Samsung took an unusually long seven months to bring One UI 7 to devices running Android 15. That delay stands out because Google is shifting Android’s release rhythm this year, and Android 16 is already on the horizon.
Historically, Google shipped new Android versions at the end of summer, and phone makers started rolling updates a few months later. Samsung usually moved fast, updating flagship and foldable models by year’s end. This time, the company missed that informal window.
What changed in Google’s schedule?

Google is adopting a new timeline: the company plans to release the primary Android 16 build before the start of the major summer vacation period, with a smaller feature update following in the fall. That second update will add new features on top of the summer release.
Google intends to stick to this cadence in the coming years, which forces hardware makers to adapt their update plans around two key moments: a summer baseline release and a fall feature drop.
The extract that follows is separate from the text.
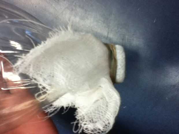 Paso 2: Sacar la tapa de la botella y poner paño de queso.

How Samsung’s timing could be affected?

According to the leak, Samsung will align its rollouts to Google’s new rhythm. The main Android release will be pushed first to the company’s foldable summer phones, while the fall update is expected to land on the Galaxy S flagships introduced in January.
If Samsung can match its past agility, users should see updates arrive more promptly. The concern is that a repeat of this year’s seven-month lag would leave Samsung devices receiving a full-year-old major release just as Google prepares to ship the next one.
Why the delay matters?
When manufacturers fall behind, it creates a widening gap between Google’s platform and the software experience on billions of phones. That gap can affect security, new features, and the competitive positioning of handset makers.
The problem is not unique to Samsung. Any vendor that cannot move faster risks shipping devices that are already behind the platform curve when the next Android cycle begins.
Trust meter
The leak’s claims are plausible given Google’s announced schedule and Samsung’s historically fast update cadence, but this year’s seven-month One UI 7 delay raises legitimate doubts about whether Samsung can accelerate sufficiently to match Google’s new timeline.